For years, many women were told the formula was simple: lighter weights, higher reps, repeat. Three sets of 12 became gym culture’s default setting. But for countless women entering their late 30s and 40s, something frustrating started happening — the workouts that once shaped their bodies suddenly stopped working.
The issue, experts say, may have less to do with effort and more to do with hormones.
Why the Old Workout Formula Changes With Age
As women move through their mid-30s and beyond, natural shifts in estrogen and progesterone begin affecting how the body responds to exercise. Energy changes. Recovery changes. Muscle-building changes too.

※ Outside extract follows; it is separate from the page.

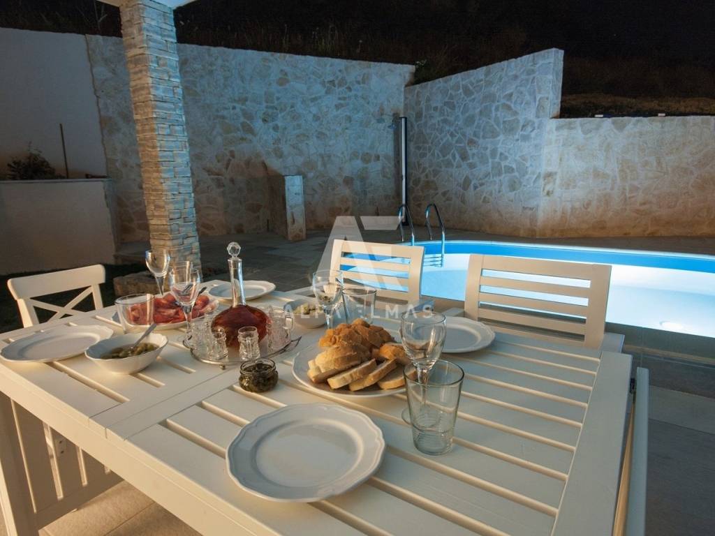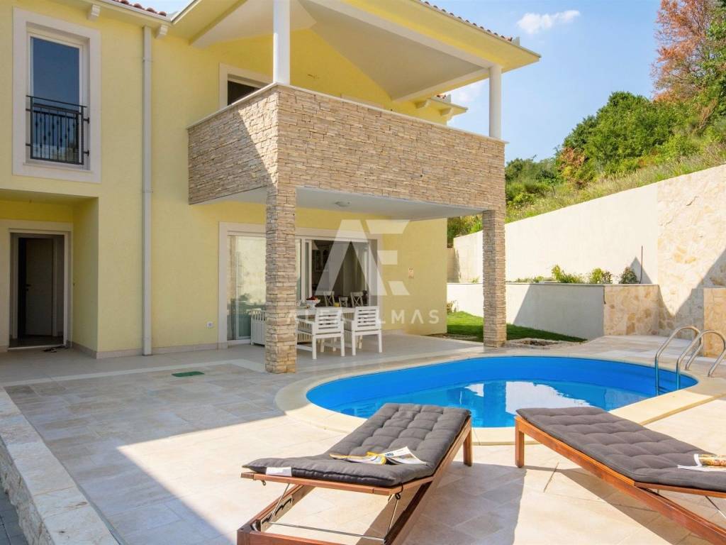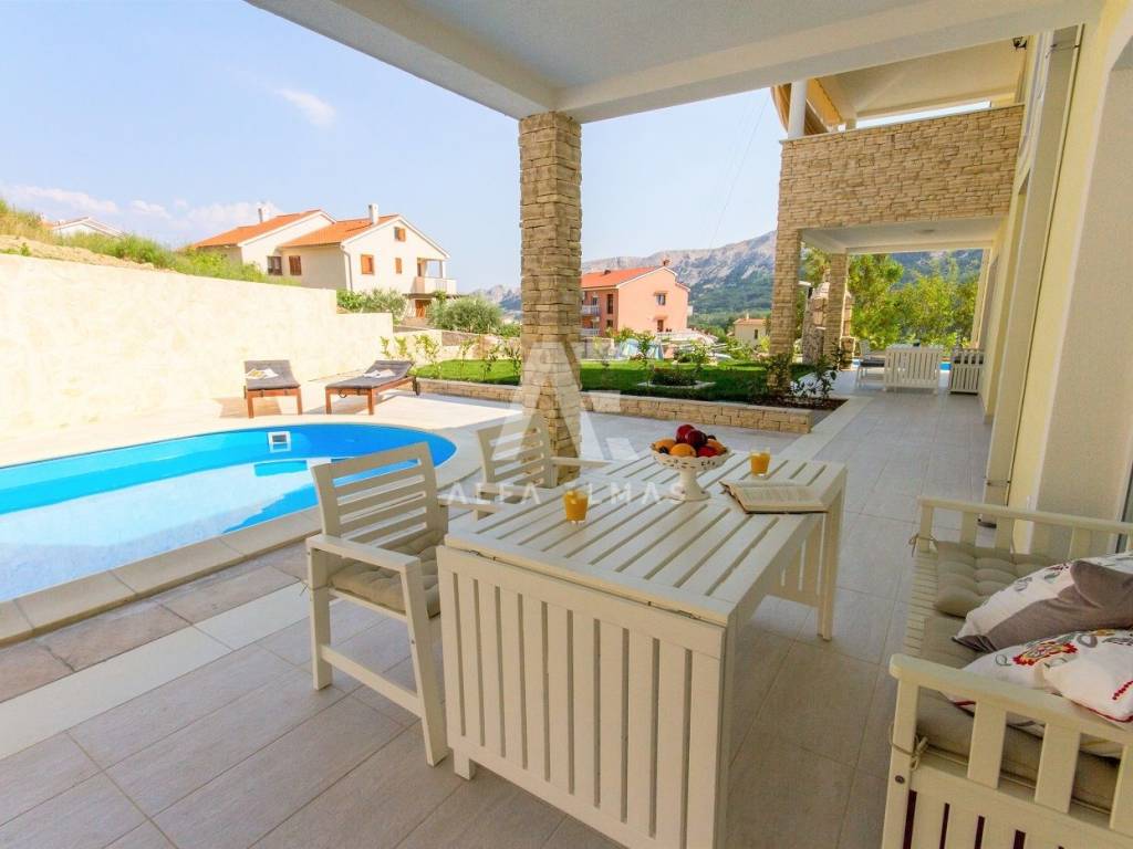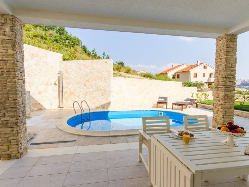 Baška, Umgebung, Doppelhaushälfte mit Swimmingpool und Landschaftsgarten von 170 m2 in ruhiger Lage!! Eine Doppelhaushälfte in der Nähe von Baška, Baujahr 2015, mit einer Wohnfläche von 98 m2, zwei Etagen, Erdgeschoss und erster Stock. Das großzügige Erdgeschoss ist lichtdurchflutet und besteht aus Flur, Gäste-WC, Speisekammer, Küche, Esszimmer und Wohnzimmer mit Zugang zur Terrasse und Garten mit Pool und Sonnendeck. Erdgeschoss und Obergeschoss des Hauses sind durch Innentreppen miteinander verbunden, im Obergeschoss befinden sich drei Schlafzimmer, zwei davon haben Zugang zur Terrasse, die einen wunderbaren Blick auf den Grüngürtel der kleinen Inselstadt bietet, und zwei Badezimmer. Hochwertige Bauweise und Top-Ausstattung. Die Ausstattung eines Doppelhauses in der Nähe von Baška umfasst PVC-Tischlerei, hochwertige Keramik und Sanitärkeramik, Klimaanlage in allen Räumen, Fußbodenheizung im Erdgeschoss und in allen Bädern. SAT-TV. Der Pool verfügt über eine Wärmepumpe zur Erwärmung des Poolwassers. Die Doppelhaushälfte verfügt über einen eingebauten Parkplatz für zwei Fahrzeuge und liegt 1.500 m vom Meer, gepflegten Stränden und dazugehörigen Annehmlichkeiten entfernt. Das Haus wird komplett möbliert verkauft, die Dokumentation ist in Ordnung.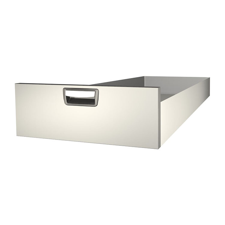 Robusto cajón extralargo para el montaje en un marco de cajonera. El cajón, fabricado en aluminio, tiene cojinetes de bolas de serie y la mezcla de cojinetes fijos y flexibles hace que el cajón sea estable y fácil de manejar.

That is why many fitness professionals are now encouraging women to rethink traditional strength training routines. Instead of endless repetitions with lighter weights, the focus is shifting toward heavier resistance and lower rep ranges designed to build strength and preserve lean muscle.
The concept sounds intimidating at first. Heavy lifting still carries outdated stereotypes for many women, especially in places where cardio-focused fitness remains more popular. But trainers say the goal is not bodybuilding. It is longevity.
Strength as a Form of Protection
Lean muscle plays a bigger role in health than many people realise. It supports metabolism, protects joints, improves balance, and helps maintain independence later in life. Building strength can also help women better manage weight fluctuations that often appear during hormonal changes.
In gyms across Accra and other urban centres, more women are quietly embracing resistance training for exactly this reason. Instead of spending an hour doing repetitive movements with light dumbbells, some are choosing shorter, more intense sessions focused on power-based exercises.
The method is simple: fewer repetitions, heavier weights, better form.
A woman who could comfortably press a lighter weight 12 times may now be encouraged to choose a heavier set she can lift six times with effort while maintaining proper technique. The shift challenges the muscles differently and stimulates strength gains more effectively.
Rethinking What Fitness Looks Like
There is also a psychological shift happening. Women are beginning to see strength not as something masculine, but as something deeply practical and empowering.
The strongest image of wellness today is no longer about shrinking the body. It is about building one capable of carrying children, climbing stairs without pain, travelling comfortably, and staying active well into older age.
And for many women, that journey begins with picking up a heavier weight than they thought they could handle.